DATA EXCERPT:
________
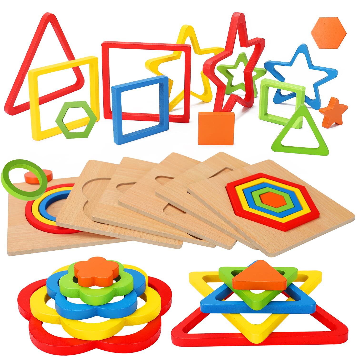 • ✿ Toddler Puzzles:The wooden toys include flower, square, circle, triangle, star and hexagon puzzles, each shape blocks coming with a board. Great cause and effect toys for kids to identify different shape puzzles, colors and sizes of the puzzle blocks, great toddler block Montessori toys for 2 year old. Christmas gift for toddlers.
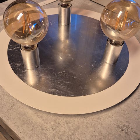 Selger en hvit taklampe, gir godt lys. Kan skyves opp eller ned. Diameter 46 cm . Ingen riper eller merker.
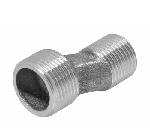 Резьбовые эксцентрики обеспечивают беспроблемное подключение к водопроводу сантехнических смесителей. Применение изделий дает возможность компенсировать неточности при размещении водорозеток либо резьбовых патрубков стального водопровода, скорректировать положение смесителя в пространстве. Материалом фитинга, изготовленного методом горячего объемного штампования, служит высококачественная латунь марки CW617N. Гальванопокрытие соединителей – никелевое. Диаметр резьбы наружная 1/2" х наружная 3/4"
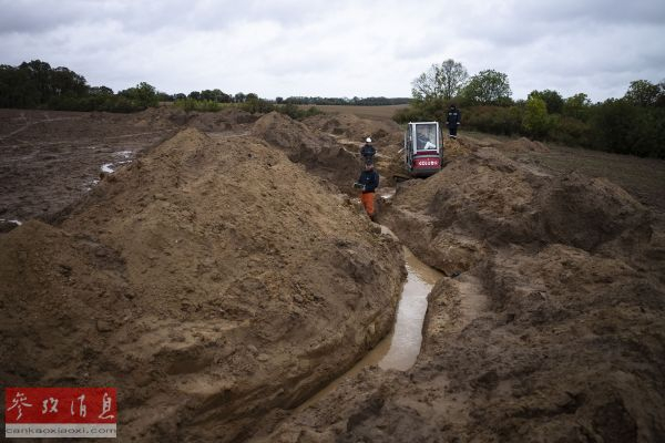 东欧阵亡者遗体回收协会会长劳厄在德国克莱辛村一条沟渠中,寻找二战阵亡士兵遗体。(美联社)
________
PROBLEM TO SOLVE:
Give back, exactly and with nothing added, the lines from the line with "Selger en hvit" through the final line of the data, both included; leave pictures out.

YOUR RESPONSE:
 Selger en hvit taklampe, gir godt lys. Kan skyves opp eller ned. Diameter 46 cm . Ingen riper eller merker.
 Резьбовые эксцентрики обеспечивают беспроблемное подключение к водопроводу сантехнических смесителей. Применение изделий дает возможность компенсировать неточности при размещении водорозеток либо резьбовых патрубков стального водопровода, скорректировать положение смесителя в пространстве. Материалом фитинга, изготовленного методом горячего объемного штампования, служит высококачественная латунь марки CW617N. Гальванопокрытие соединителей – никелевое. Диаметр резьбы наружная 1/2" х наружная 3/4"
 东欧阵亡者遗体回收协会会长劳厄在德国克莱辛村一条沟渠中,寻找二战阵亡士兵遗体。(美联社)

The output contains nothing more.